Assignment |
Every entry below should be restated word for word, except for its images.

START Supplied records

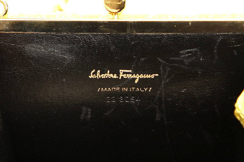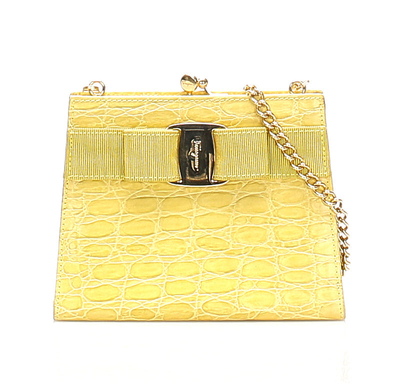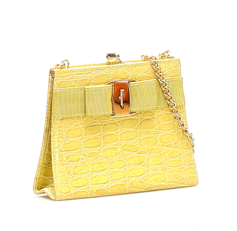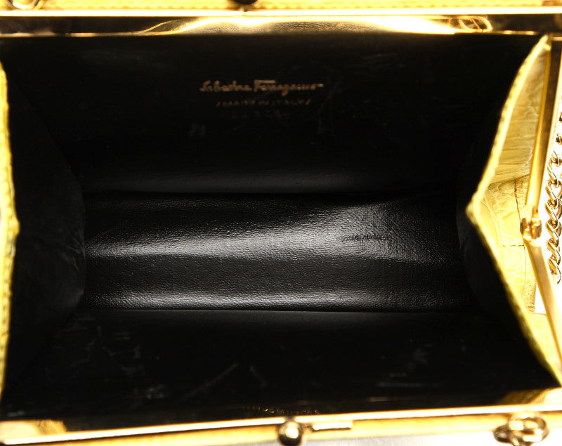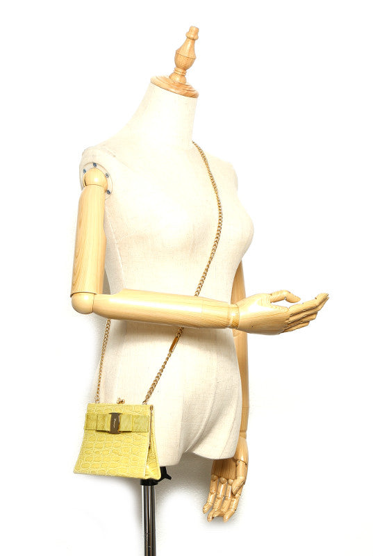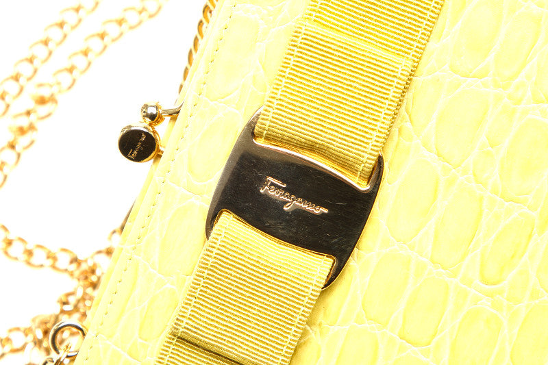 サルヴァトーレフェラガモ ヴァラリボン 22 3054 イエロー クロコ型押し ショルダーバッグ レディース Salvatore Ferragamo 中古
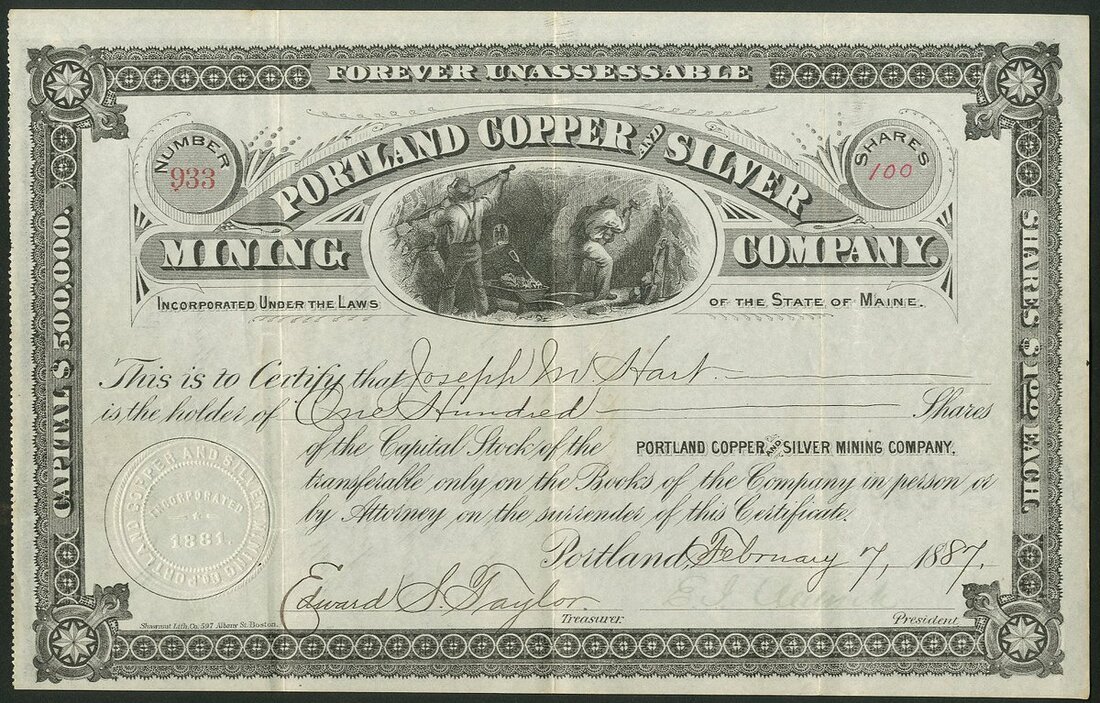 U.S.A: Portland Copper and Silver Mining Co., $1 shares, Portland 18[87], #933, vignette of miners, ornate border, black. Incorporated in Maine in 1881. VF.
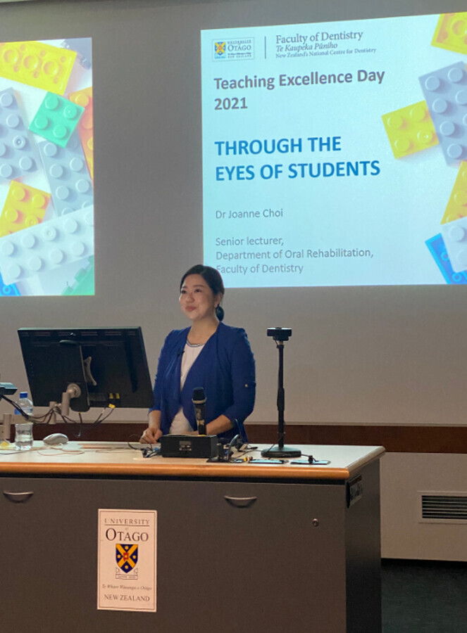 Le Dr Joanne Choi donne une conférence lors de la Journée d'excellence de l'enseignement 2021 à l'Université d'Otago. (Photo : Joanne Choi)
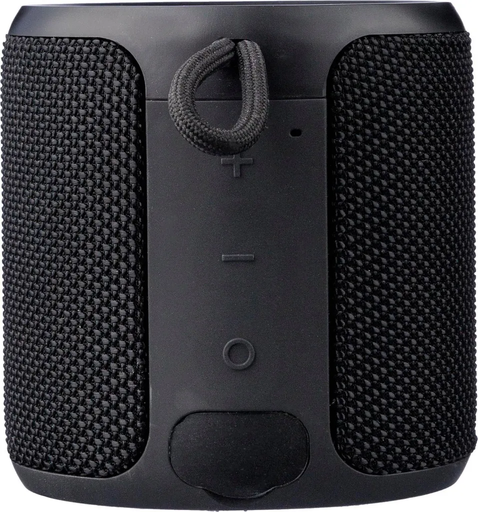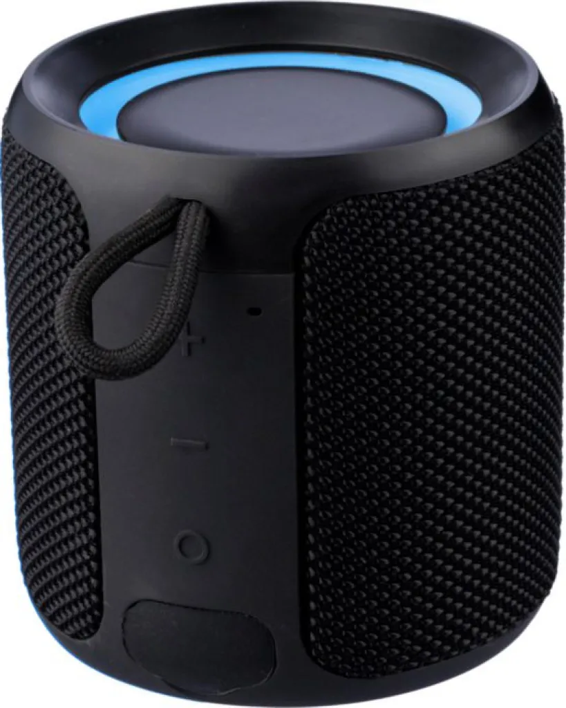 Vanjski zvučnik koji mijenja boju, izrađen od recikliranog ABS-a i tkanine, s vezicom za zapešće. IPX6 ocjena. Izlazna snaga 10 W, ulaz DC 5 V, ugrađena punjiva baterija od 1200 mAh, s 4 sata vremena reprodukcije. Radna udaljenost 15-20 metara, odnos signal/šum 75 dB. Frekvencijski raspon: 100 Hz do 15 kHz. Uključuje 30 cm Type-C kabel za punjenje. Tehnologija bežičnog povezivanja: 5.1. Povežite dva zvučnika putem TWS-a. Dolazi pojedinačno pakiran u smeđoj kartonskoj kutiji.
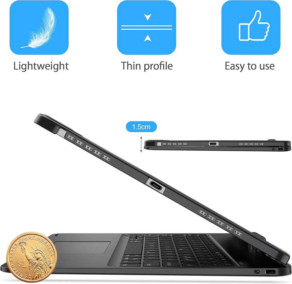 Enhanced Technology - Keyboard for iPad Pro 12.9-inch has a wider key pitch, the error rate when typing is significantly lower, the buttons make it feel like you are typing on a regular laptop, allowing for optimal typing. The keyboard case will improve your efficiency with its sensitive, accurate and multi-gestures touchpad, just like using a mouse (optional: press Fn+T to turn on/off the trackpad function ).
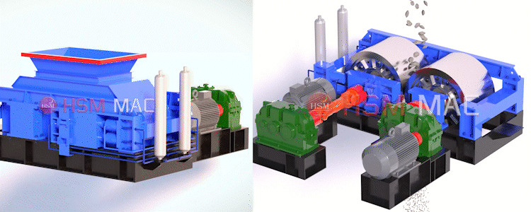 對(duì)輥破碎機(jī)是利用兩組單獨(dú)傳動(dòng)的輥軸,相對(duì)旋轉(zhuǎn)產(chǎn)生的擠軋和磨剪力來(lái)破碎物料。物料經(jīng)給料口落入兩輥之間,經(jīng)對(duì)輥擠壓破碎之后成品自然落下,當(dāng)遇到過(guò)硬或者不可破碎的物料時(shí),輥?zhàn)涌蓱{液壓缸或彈簧的作用自動(dòng)退讓,使雙輥之間的間隙增大,過(guò)硬或不可破碎的物料自然落下,以此來(lái)保證機(jī)器不被損壞,相向轉(zhuǎn)動(dòng)的兩個(gè)輥?zhàn)涌梢哉{(diào)節(jié)液壓缸或彈簧的壓力來(lái)控制產(chǎn)品的出料粒度。
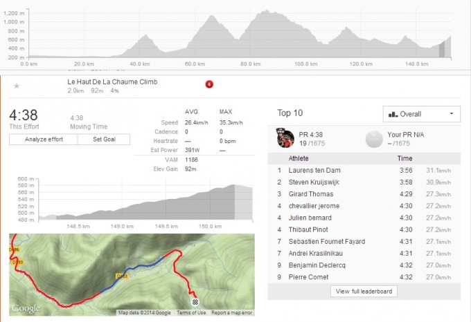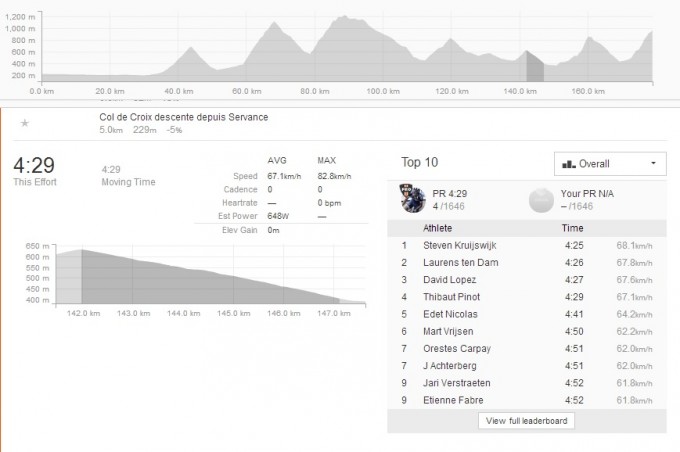 Though only one of the descents en route is available to view as a segment on his ride, the Col de Croix, Pinot’s average speed of in excess of 67km/h certainly does not reflect a man fighting fear.
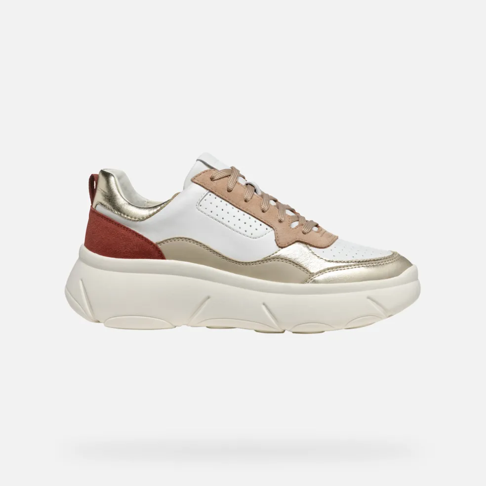 Sneaker donna dallo stile contemporaneo e dal design ergonomico. Qui proposta in una luminosa versione che accosta bianco e oro chiaro, presenta una tomaia in morbida nappa e pelle metallizzata in perfetto stile casual-chic. Con la sua suola chunky trendy e ultra traspirante, Nebula™ 2.0 X ha un look sportivo ma al contempo femminile.
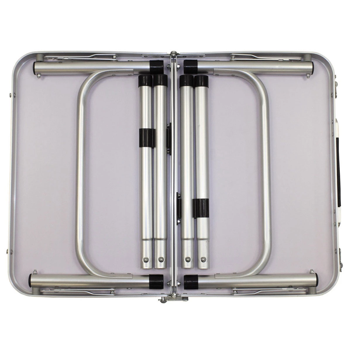 Der Alu Campingtisch von Fox Outdoor besticht durch top Verarbeitung und einem hervorragenden Preis-Leistungs-Verhältnis. Die 2-geteilte Tischplatte und das Alu-Gestell sind klappbar und kann dann bequem am Tragehenkel transportiert und kompakt gelagert werden. Das Gestell kann in 2 Höhen eingestellt werden und so nutzen Sie den Camping Tisch entweder mit Stühlen, oder sitzend am Boden. Die Tischplatte besteht aus einer beschichteten MDF-Platte, die dadurch sehr Schmutzunempfindlich und leicht zu reinigen ist.

END Supplied records

Answer section |
 サルヴァトーレフェラガモ ヴァラリボン 22 3054 イエロー クロコ型押し ショルダーバッグ レディース Salvatore Ferragamo 中古
 U.S.A: Portland Copper and Silver Mining Co., $1 shares, Portland 18[87], #933, vignette of miners, ornate border, black. Incorporated in Maine in 1881. VF.
 Le Dr Joanne Choi donne une conférence lors de la Journée d'excellence de l'enseignement 2021 à l'Université d'Otago. (Photo : Joanne Choi)
 Vanjski zvučnik koji mijenja boju, izrađen od recikliranog ABS-a i tkanine, s vezicom za zapešće. IPX6 ocjena. Izlazna snaga 10 W, ulaz DC 5 V, ugrađena punjiva baterija od 1200 mAh, s 4 sata vremena reprodukcije. Radna udaljenost 15-20 metara, odnos signal/šum 75 dB. Frekvencijski raspon: 100 Hz do 15 kHz. Uključuje 30 cm Type-C kabel za punjenje. Tehnologija bežičnog povezivanja: 5.1. Povežite dva zvučnika putem TWS-a. Dolazi pojedinačno pakiran u smeđoj kartonskoj kutiji.
 Enhanced Technology - Keyboard for iPad Pro 12.9-inch has a wider key pitch, the error rate when typing is significantly lower, the buttons make it feel like you are typing on a regular laptop, allowing for optimal typing. The keyboard case will improve your efficiency with its sensitive, accurate and multi-gestures touchpad, just like using a mouse (optional: press Fn+T to turn on/off the trackpad function ).
 對(duì)輥破碎機(jī)是利用兩組單獨(dú)傳動(dòng)的輥軸,相對(duì)旋轉(zhuǎn)產(chǎn)生的擠軋和磨剪力來(lái)破碎物料。物料經(jīng)給料口落入兩輥之間,經(jīng)對(duì)輥擠壓破碎之后成品自然落下,當(dāng)遇到過(guò)硬或者不可破碎的物料時(shí),輥?zhàn)涌蓱{液壓缸或彈簧的作用自動(dòng)退讓,使雙輥之間的間隙增大,過(guò)硬或不可破碎的物料自然落下,以此來(lái)保證機(jī)器不被損壞,相向轉(zhuǎn)動(dòng)的兩個(gè)輥?zhàn)涌梢哉{(diào)節(jié)液壓缸或彈簧的壓力來(lái)控制產(chǎn)品的出料粒度。
 Though only one of the descents en route is available to view as a segment on his ride, the Col de Croix, Pinot’s average speed of in excess of 67km/h certainly does not reflect a man fighting fear.
 Sneaker donna dallo stile contemporaneo e dal design ergonomico. Qui proposta in una luminosa versione che accosta bianco e oro chiaro, presenta una tomaia in morbida nappa e pelle metallizzata in perfetto stile casual-chic. Con la sua suola chunky trendy e ultra traspirante, Nebula™ 2.0 X ha un look sportivo ma al contempo femminile.
 Der Alu Campingtisch von Fox Outdoor besticht durch top Verarbeitung und einem hervorragenden Preis-Leistungs-Verhältnis. Die 2-geteilte Tischplatte und das Alu-Gestell sind klappbar und kann dann bequem am Tragehenkel transportiert und kompakt gelagert werden. Das Gestell kann in 2 Höhen eingestellt werden und so nutzen Sie den Camping Tisch entweder mit Stühlen, oder sitzend am Boden. Die Tischplatte besteht aus einer beschichteten MDF-Platte, die dadurch sehr Schmutzunempfindlich und leicht zu reinigen ist.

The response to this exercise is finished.